I will be receiving data from a company called Loan Performance, that has one file/table that will hold 1 billion rows. They send data by period, and I plan to load the data via BCP via NT/DOS scripts. The 1 billion rows represents data for 200+ periods.
Are the following design plans feasible
1. Partition table by period value, I'm not sure of the max number of partitions per table in 2005, but I think we have periods data back to 1992 and a new one gets created every month, so the possibility of having > 1000 partitions exists. I plan on just pre-creating partitions for future data, instead of dynamically creating when a new period is sent.
2. Load data via BCP in DOS shell scripts that will drop index (by partition), BCP in data, and they re-create indexes by partition, is this possible ? and will I see a performance increase as opposed to one huge table (I'm pretty much sure I will). There is usually one periods data present per day, but sometimes the vendor resends all data (would get loaded on weekend).
I'm a bit unsure of where to start being I never worked with this amount of data. I worked with partitioning in Oracle a long time ago.
I plan on having an 2XQuadCore 2.66Ghz CPU with 32GB of RAM and SQL2005EE 64Bit connected to 1 Terabyte SAN Disk.
I don't see any point dropping the index - if you plan to do this every time you get new data you will surely suffer performance degradation. Does the clustered index match the order of data in the file? Bulk insert has a flag option to indicate this that optimises the insert speed.
PF, the tables may have between 5-15 indexes (as recommended by vendor), I currently have this load process setup on SQL2000, and when I have indexes on the table (4), the BCP in slows down at least 10 fold. Is this BCP option available in SQL2000 ? My reason for wanting to use partitioning is for the index drop and create (to re-create indexes on 1 billion rows would take a day or so). I did not yet create a clustered index on the table (in SQL 2K) Also, the files are fixed format data with a .fmt file defined.
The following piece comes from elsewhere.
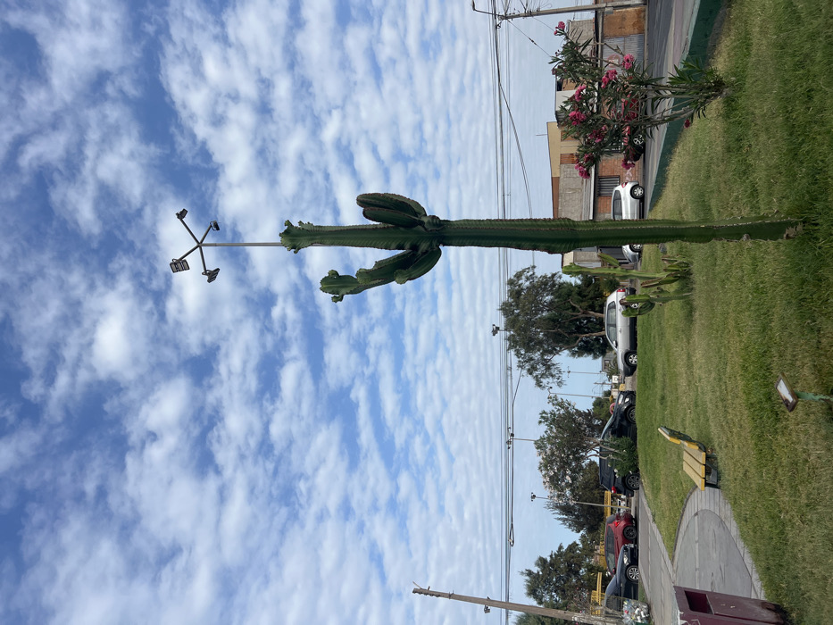 The image displays an urban scene in Arica, Chile, featuring a park-like median under a sky densely populated with white cumulus clouds. Centrally positioned is a tall, multi-branched columnar cactus, approximately 4 to 5 meters in height, from which a metal pole extends upward, topped by a street light fixture composed of four lamps arranged in a cross configuration. The foreground consists of a green grassy area. To the left, a curvilinear paved pathway adjoins the grass, alongside a yellow and brown slatted park bench, and a reddish-brown rectangular trash receptacle. A slightly tilted utility pole with overhead wires is visible further left. Several smaller columnar cacti are scattered within the grassy expanse. To the right of the primary cactus, a pink-flowering oleander bush grows near a concrete curb separating the median from a paved road. The multi-lane road in the midground contains several vehicles, including a dark SUV, a red SUV, a black SUV, a silver SUV, and a white hatchback, indicating vehicular presence or movement. In the background, additional utility poles support a network of overhead wires that span horizontally across the frame. Trees and shrubs with green foliage partially obscure low-rise buildings with facades ranging from brick to light-colored finishes. No individuals are observed within the scene. The lighting suggests daylight conditions.

AFAIK you need a CI for table partitioning. I'm not certain though. Although I've used tables of > 500, 000 rows I've never bothered with partitioning. I would love to test differences. Presumably the benefit is only really for scans right? (and for building non clustered indexes according to your post). We bulk insert into these 500k+ tables regularly - the loading of the entire db (80GB of data per load, most updates to existing rows, some new rows) takes about 3-4 hours.
Also - BULK INSERT not BCP has the CI\ file order flag.
From what I've read the majority of benefits of partitioning are seen for data loading, which is my biggest issue, not really querying. I will need to look at the files, and or ask the vendor how the data is ordered and create a CI based on that. I have 2 birds to kill here, unfamiliarity with this amount of data, as well as the data itself.
I there anyone out there that has worked with this amount of data on SQL2005 ?
PF, thanks for your help, I will look into BulkCopy as opposed to BCP, I actually did write scripts to do so (REMd out in script), just was not aware of this option.
Our dbs are in SQL2k5 - I cannot recall how they performed in 2k....
Remember that a monotonically increasing clustered index is very quick for insert speed. Since you are partitioning on period, and your client is supplying data each period, this will be monotonically increasing right? So all but the latest partition will not actually change at all.
I think the penny has just dropped for me. It is really the partitioning of the NCIs that you expect to reap dividends from, rather than the table partitioning per say.